I pulled a face. ‘It’ll allow the lawyers time to trace a few more of us. And I don’t want a load of money, not yet. But it’ll be nice to think that if I do ever get any paper qualifications and want to go to Uni, that I won’t have a bloody great student loan, won’t it? And any of my half-brothers and sisters who’ve already got one will be able to pay it off. I mean, imagine having a job like Robin’s that pays chicken feed and having that – that albatross hanging round your neck.’

He nodded, saying, so terribly casually I knew he was fishing, ‘It was nice of him to go with you to the Cathedral with you.’

‘Who else could have gone? The authorities there knew him. And I wanted to see where they’d stashed it.’ That was one disappointment: it had been in an ordinary office-type safe, not some great vault filled with gilt church plate. And I wasn’t just being coy about Robin. It seemed to me anyone having a relationship with a man whose main relationship was with Someone Else might be taking on rather more than she could chew. And until all my teeth were fixed, and the wire had come out of my wretched sore jaws, I wasn’t reckoning on biting anything tough.

I cleared the table, so knackered I’d have loved to stack all the china, but knowing Griff’d turn to and do it if I left it. His bombing around the countryside had tired him more than I liked, and he’d been further drained by the knowledge that he’d not judged people as clearly as he liked.

He was still staring into the dregs of his glass when I came back. You could see how much effort it took not to top it up. It would have been so easy to indulge him but I hardened my heart.

‘You weren’t,’ he said, his usual firm delivery something horribly like a quaver, ‘thinking of taking up you father’s offer of an apartment in his wing? Now you’ve cleaned it all up, you deserve a reward.’

I pulled up a chair and sat beside him, holding both his hands and looking into his eyes. ‘I’ve got china to sell on commission it’ll take me years to restore. I’ve got all that wonderful furniture to learn about.
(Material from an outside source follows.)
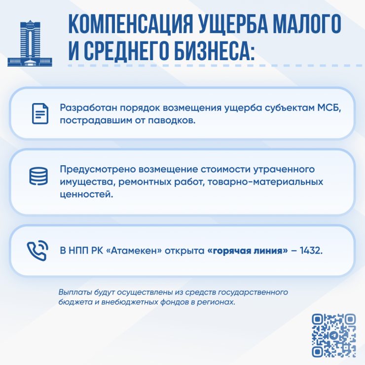 - всем пострадавшим индивидуальным предпринимателям, а также субъектам малого и среднего бизнеса, у которых из-за паводков нарушилась хозяйственная деятельность, будет предоставлена отсрочка платежей по кредитам с учетом поданного ими заявления (необходимо обратиться в акимат или в банк напрямую);

What more
reward do I want?’

‘Some people might think it’s your duty to go and look after your father.’

‘Some people might think he deserves to be stuck in a grotty old folks’ home. Council run, for preference, the old snob. OK, I’ll keep an eye on him – after all, I shall need to deliver his profits from time to time. And I ought to get him to eat a bit better. But I don’t have to live with him to do that. And if I did, I still wouldn’t.’
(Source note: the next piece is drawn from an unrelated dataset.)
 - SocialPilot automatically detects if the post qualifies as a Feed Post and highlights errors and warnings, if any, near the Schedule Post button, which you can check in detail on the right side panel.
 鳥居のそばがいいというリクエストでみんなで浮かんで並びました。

‘And what about that man from Devon who was checking up on you? Didn’t he say he was your grandfather? Though I must say that Habgood’s not very close to Townend.’

‘According to him, my mother changed her surname to her stepfather’s.’

Griff stared at me. ‘You do look very alike. Will you have the DNA test he wants?’

‘I might. Just to put his mind at rest. His, not mine.’

‘But to turn down the chance of a family –’

‘I’ve already got a hell of a lot of family! One has,’ I said in Lord Elham’s drawl, ‘to draw the line somewhere! No, you’re all the family I need. The thing is, I ought to have said this ages ago, but I’ve never quite managed it, have I? You’re better than father or mother and a couple of grandparents all rolled into one.’ Finger on lips, I looked round guiltily before pouring an extra half-inch into both our glasses. ‘It’s you I love.’ There, I’d managed it. ‘Griff, my dearest of friends, I love you.’